Products that are inspired by alcohol, such as a Beer Pong Table that floats in the water or a 40oz koozie

Steve There was a time when a getting together with a few buddies for some beers and reminiscing about memories past would send you home satisfied. Today, however, like every other facet of our ever changing lives, people are finding more and more ways to get drunk. Beer Pong, various drinking apparatuses and countless card drinking games are proof that simply having a few beers with your buddies is just not enough; unless of course you are drinking those beers out of a ten-foot beer bong attached to an ice luge, after you just lost a game of Flip Cup! I’m not saying that the world of drinking evolution is developing at a rate of speed parallel to the dot com boom, as Coors Light blue-changing mountains are no Google.com, however this blog will conjure up the elixir needed for drinkers everywhere, ready to experience intoxication bliss in a whole new world of creativity and inebriation.

Whether it be a special table to improve your beer pong experience, an animal-shaped beer bong to get you drunk faster, or whatever other drinking creation is out there just awaiting discovery, this blog will take you on a journey into the depths of drinking innovation to improve your drinking experience, raise your BAC level to new personal highs, or provide creative products that will finally help you entice that chick from your Biology class over to your house for some ole’ fashioned day drinking and some bad decisions.

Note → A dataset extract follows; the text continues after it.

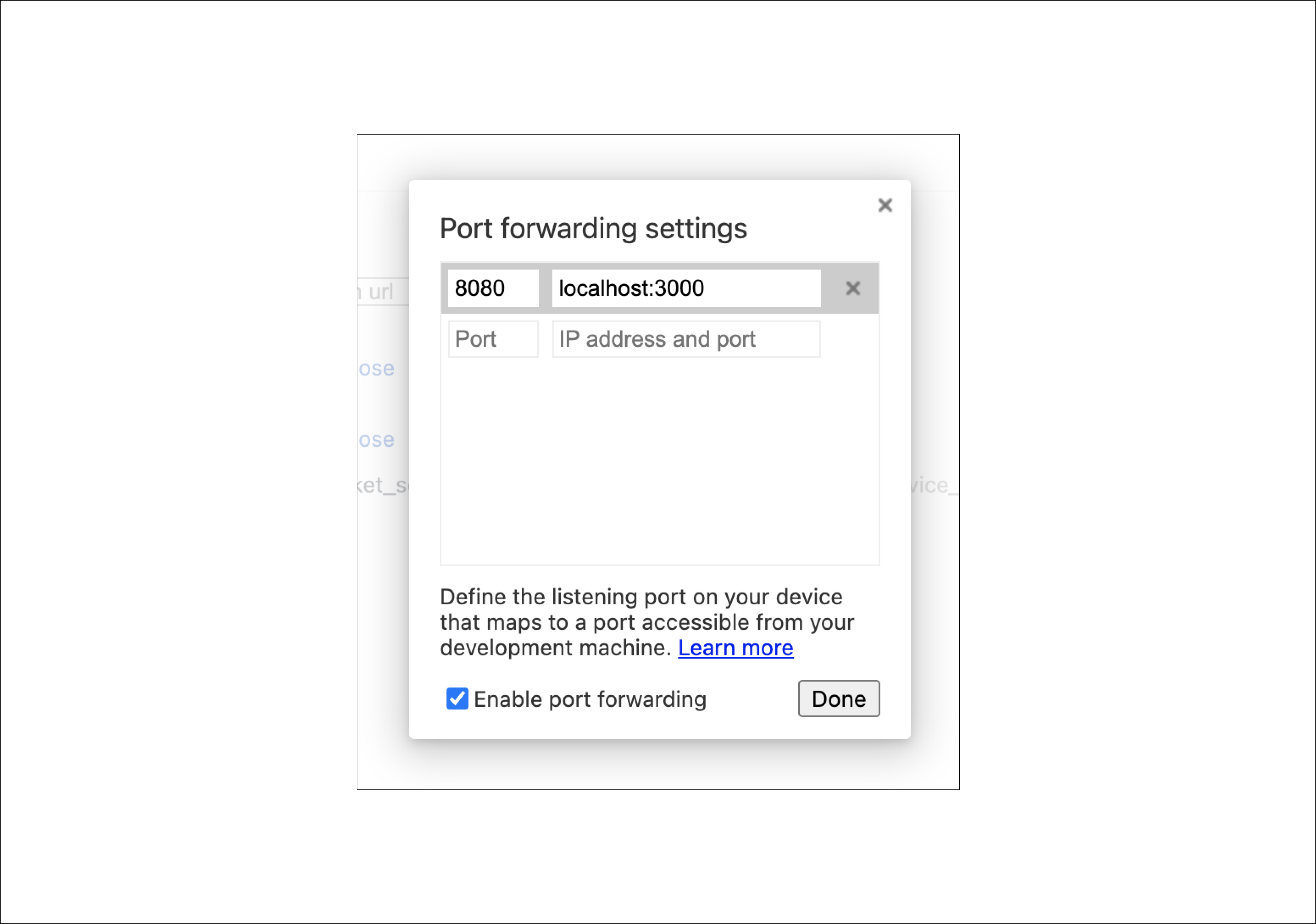 로컬호스트로 개발환경이 구축된 경우 해당 포트를 포트포워딩함으로써 안드로이드 기기에서 해당 개발환경을 열 수 있습니다. 하기 첨부된 이미지를 예시로 들면, 3000번 포트의 개발환경을 8080으로 포트포워딩함으로써, 안드로이드 기기에서 localhost:8080을 접속하면 개발용 컴퓨터에서 작업하던 로컬호스트 환경에 접속이 가능합니다.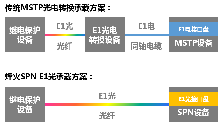 繼電保護(hù)業(yè)務(wù)對于電網(wǎng)的發(fā)、輸、變、配及重要用電設(shè)備的穩(wěn)定安全運(yùn)行至關(guān)重要,但是傳統(tǒng)繼保業(yè)務(wù)傳輸時需經(jīng)過光電轉(zhuǎn)換設(shè)備,將E1光信號轉(zhuǎn)換為E1電信號與MSTP設(shè)備對接,光電轉(zhuǎn)換的過程需要額外采購光電轉(zhuǎn)換設(shè)備,且會導(dǎo)致繼保業(yè)務(wù)因?yàn)榉侄蔚墓饫w、電纜轉(zhuǎn)接過程增加故障發(fā)生率。烽火通信SPN設(shè)備在滿足電力通信網(wǎng)超低時延、海量連接、安全可靠、綠色低碳、智能控制五個維度智能電力通信網(wǎng)需求的同時,還開發(fā)了8路光口的E1光接口盤,為繼電保護(hù)業(yè)務(wù)承載貢獻(xiàn)三大價值:

And what makes me qualified to provide this alcohol creativity to the drinking public?

My drinking experience really started no different than anyone else. Ok, so maybe it did. For some, the first sip of alcohol to touch their pubescent lips may have been at a family holiday party, in the basement of their Uncle’s garage or from a bottle of Jack Daniels, left open on the table after their Mom and the pool man had already gone upstairs. For me, however it came in the back alley of a Denny’s in New Haven, Connecticut. Dejected after giving up a two-run game losing home run in wiffleball, I chased the ball which had torpedoed down a hill and across the main street coming to rest at the feet of a wrinkly, grotesque, golden brown skinned woman who probably should have turned down the buy forty get nine-thousand free tan offer six years prior.

She had just finished taking a swig out of a shiny flask and then without hesitation motioned it in my direction, mumbling something in a dialect that I was not familiar with. (I would later learn it was known as drunken gibberish, spoken by inhabitants in both the Northern and Southern Hemisphere wherever alcohol is consumed in large doses).

Naturally my instincts kicked in and I realized I would be a revolutionary among my peers- a regular Lewis or Clark hot on the trail of discovery. This discovery was alcohol and I would be the first to experience it. Ebulliently I accepted the flask from her leathery, bony, egg-crusted fingers and brought it up to my lips expecting nothing short of pure bliss. I took a gigantic, victorious swig, like I was at the finish line at the New York City marathon downing a victory Gatorade, or Neil Armstrong plunging the American flag deep into the Moon’s crust. The feeling of pure bliss quickly turned into a feeling of panic as the poison liquid inside, formally known as whiskey triggered a burn in my throat that six different Std's all engaged at the same moment, while being pepper sprayed, and stung by a wasp all at the same time wouldn’t be able to recreate. First, I wanted to scream out, “Mama!” And then, “My throat is on fire, please call the paramedics!” But alas I didn’t. I’d like to think that I didn’t because of my early manhood pride holding strong, but in reality, the whiskey appeared to temporarily dismantle my vocal cords and alas my feeble attempts for help went unheard…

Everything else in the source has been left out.